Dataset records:
------------

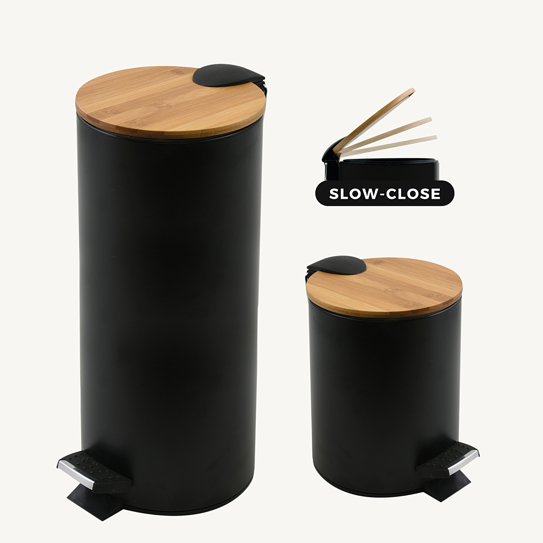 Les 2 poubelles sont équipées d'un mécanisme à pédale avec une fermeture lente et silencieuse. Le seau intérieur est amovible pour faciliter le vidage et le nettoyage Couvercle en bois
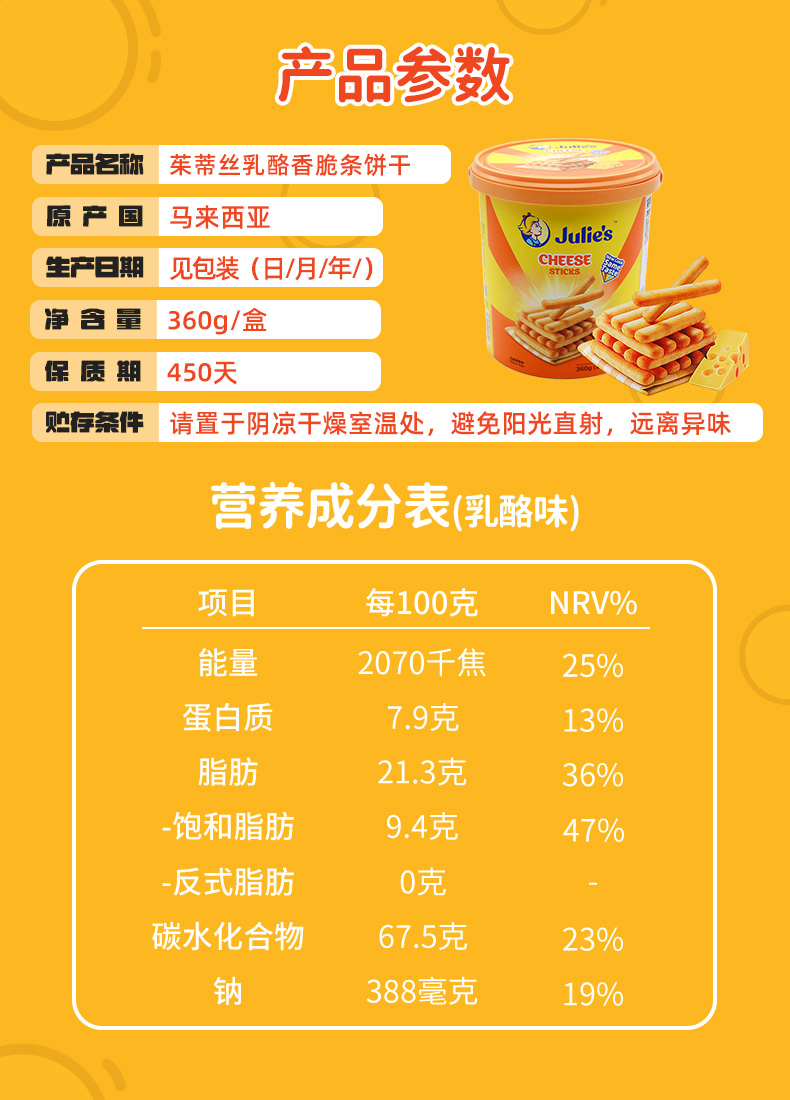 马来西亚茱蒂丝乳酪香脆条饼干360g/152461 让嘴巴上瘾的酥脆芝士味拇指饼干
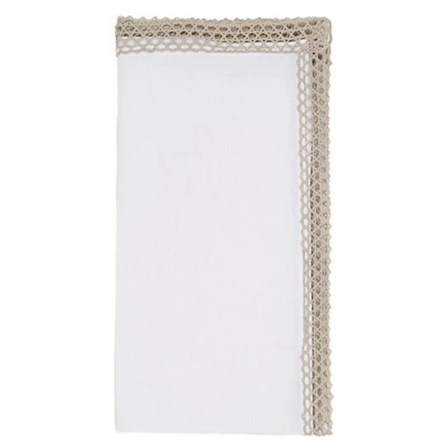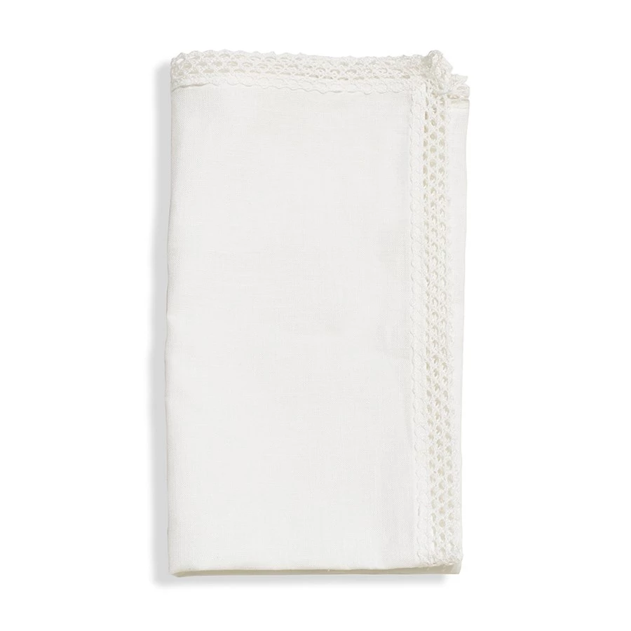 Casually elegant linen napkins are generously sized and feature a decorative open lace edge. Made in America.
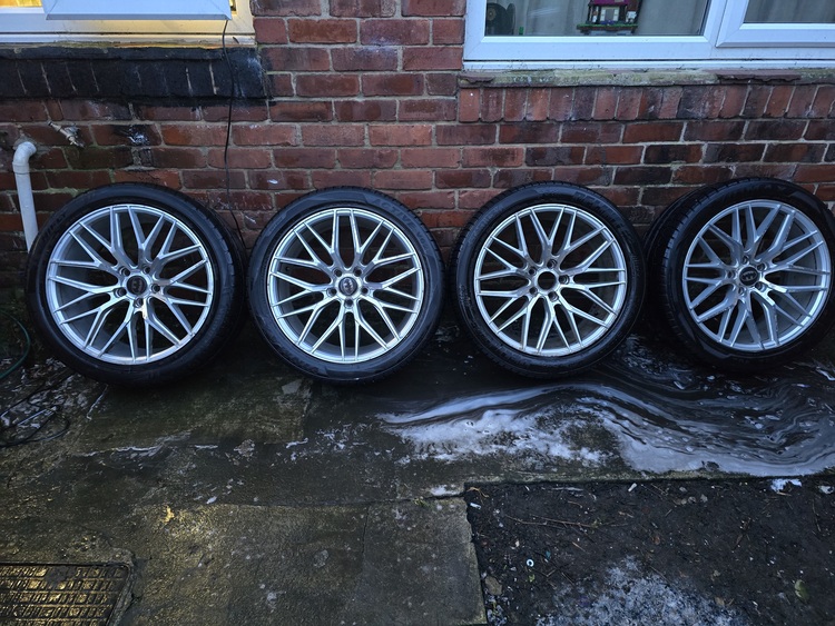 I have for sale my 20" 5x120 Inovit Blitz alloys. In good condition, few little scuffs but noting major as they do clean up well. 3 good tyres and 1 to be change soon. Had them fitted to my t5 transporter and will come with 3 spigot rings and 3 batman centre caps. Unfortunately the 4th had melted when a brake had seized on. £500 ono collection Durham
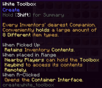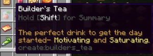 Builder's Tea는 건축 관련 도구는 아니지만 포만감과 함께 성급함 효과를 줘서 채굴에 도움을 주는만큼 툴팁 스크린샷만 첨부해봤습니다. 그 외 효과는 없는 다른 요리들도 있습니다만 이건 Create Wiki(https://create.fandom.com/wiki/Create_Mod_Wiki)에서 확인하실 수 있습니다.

------------

Assignment — Each line above should be written out again unchanged; no images are to be carried over.

Answer to the exercise —
 Les 2 poubelles sont équipées d'un mécanisme à pédale avec une fermeture lente et silencieuse. Le seau intérieur est amovible pour faciliter le vidage et le nettoyage Couvercle en bois
 马来西亚茱蒂丝乳酪香脆条饼干360g/152461 让嘴巴上瘾的酥脆芝士味拇指饼干
 Casually elegant linen napkins are generously sized and feature a decorative open lace edge. Made in America.
 I have for sale my 20" 5x120 Inovit Blitz alloys. In good condition, few little scuffs but noting major as they do clean up well. 3 good tyres and 1 to be change soon. Had them fitted to my t5 transporter and will come with 3 spigot rings and 3 batman centre caps. Unfortunately the 4th had melted when a brake had seized on. £500 ono collection Durham
 Builder's Tea는 건축 관련 도구는 아니지만 포만감과 함께 성급함 효과를 줘서 채굴에 도움을 주는만큼 툴팁 스크린샷만 첨부해봤습니다. 그 외 효과는 없는 다른 요리들도 있습니다만 이건 Create Wiki(https://create.fandom.com/wiki/Create_Mod_Wiki)에서 확인하실 수 있습니다.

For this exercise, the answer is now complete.